To run this tutorial, you need an Linux machine with a remarkable amount of cores, RAM and storage. You will also need root privileges to run some of the steps. For the sake of simplicity in this tutorial we will use Minikube to run Kubernetes, since InAccel FPGA plugin can be enabled on any K8s cluster (e.g. Amazon EKS, Google GKE, etc).

Set up Docker, kubectl, Minikube and InAccel-

The following steps present how to create, configure and launch a single-node Kubernetes cluster on a RHEL-based Linux system.

1. Install Docker-

Docker is an open-source containerization technology for building and sharing your applications on any environment.

sudo yum install -y yum-utils \
    device-mapper-persistent-data \
    lvm2

sudo yum-config-manager \
    --add-repo \
    https://download.docker.com/linux/centos/docker-ce.repo

sudo yum install docker-ce docker-ce-cli containerd.io

sudo systemctl start docker

2. Install kubectl-

The Kubernetes command-line tool, kubectl, allows you to run commands against Kubernetes clusters. You can use kubectl to deploy applications, inspect and manage cluster resources, and view logs.

curl -LO https://storage.googleapis.com/kubernetes-release/release/`curl -s https://storage.googleapis.com/kubernetes-release/release/stable.txt`/bin/linux/amd64/kubectl

chmod +x ./kubectl

sudo mv ./kubectl /usr/local/bin/kubectl

3. Install Minikube-

Minikube provides a single-node K8s cluster that is ideal for development and testing purposes. Alternatively, you can use Kubernetes on Amazon Web Services, Google Cloud Platform or any other cloud provider.

curl -Lo minikube https://storage.googleapis.com/minikube/releases/latest/minikube-linux-amd64 \
    && chmod +x minikube

sudo mkdir -p /usr/local/bin/
sudo install minikube /usr/local/bin/

4. Install InAccel-

InAccel is an open platform for developing, shipping, and running accelerated applications. InAccel enables you to separate your applications from your accelerators so you can deliver high-performance software quickly.

curl -sL https://jfrog.inaccel.com/artifactory/generic/packages/inaccel.repo | \
    sudo tee /etc/yum.repos.d/inaccel.repo

sudo yum install -y inaccel

sudo systemctl restart docker

5. Start Minikube-

minikube start --vm-driver=none

6. Deploy InAccel FPGA Plugin-

Having your Kubernetes cluster up and running you only need two steps to enable FPGA accelerator orchestration. Get a free license here.

kubectl create secret generic coral-license-key -n kube-system \
    --from-literal=CORAL_LICENSE_KEY='<your licence key>'

kubectl apply -f https://bitbucket.org/inaccel/deploy/raw/master/inaccel-fpga-plugin.yml

Set up Kubeflow-

After setting up the above tools we can create a deployment of Kubeflow with all its core components without any external dependencies as explained here.

1. Install kfctl-

Download a kfctl release and extract the included binary.

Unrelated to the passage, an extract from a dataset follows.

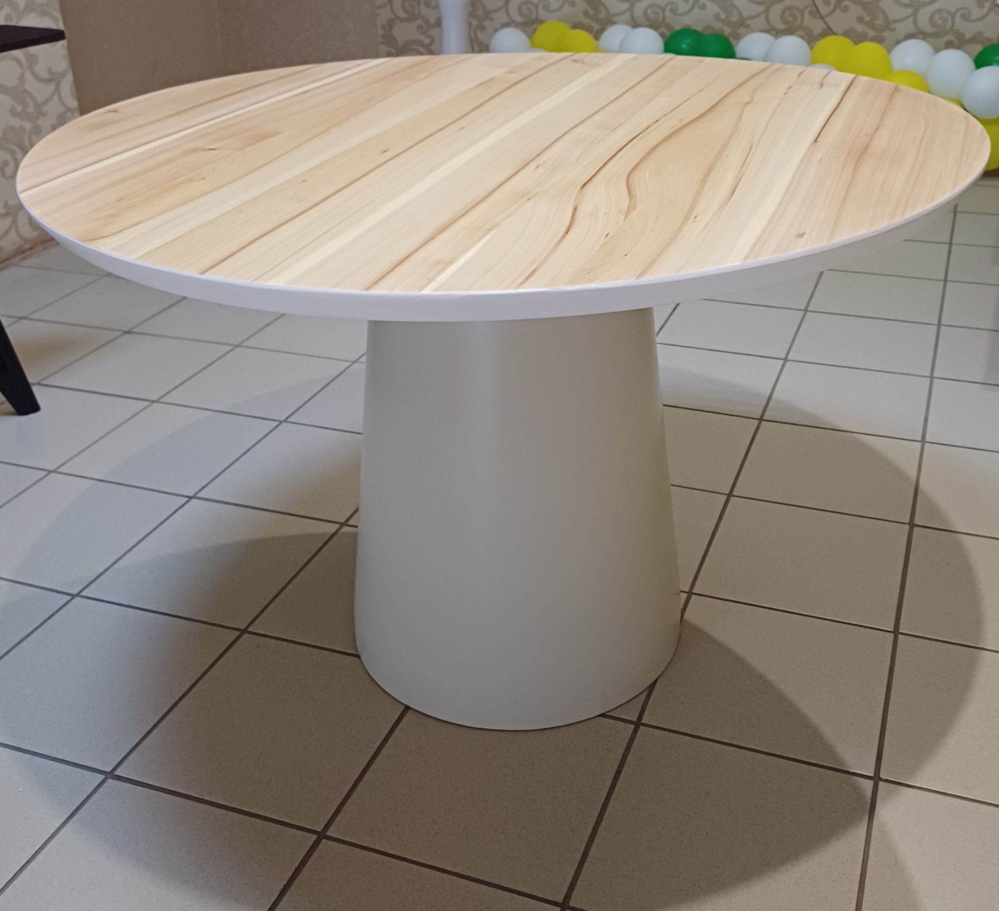 Дизайнерская работа: конусное подстолье выполнено из берёзы и покрыто эмалью, материал столешницы - МДФ, ламель карагача 5 мм. Высота - 76 см. Диаметр - 115см.

wget -qO- https://github.com/kubeflow/kfctl/releases/download/v1.0.1/kfctl_v1.0.1-0-gf3edb9b_linux.tar.gz | \
    tar -zxvf -

sudo install kfctl /usr/local/bin

2. Configure and deploy Kubeflow-

Set the configuration file to use when deploying Kubeflow.

export CONFIG_URI="https://raw.githubusercontent.com/kubeflow/manifests/v1.0-branch/kfdef/kfctl_k8s_istio.v1.0.1.yaml"

Then set the Kubeflow application directory for this deployment.

mkdir -p kftest
cd kftest

Configure and deploy Kubeflow using the following kfctl apply command.

kfctl apply -V -f ${CONFIG_URI}

List all the pods in the Kubeflow namespace.

kubectl get pods -n kubeflow

3. Access Kubeflow Dashboard-

The way you can access Central Dashboard and navigate through its components, depends on where is your host machine.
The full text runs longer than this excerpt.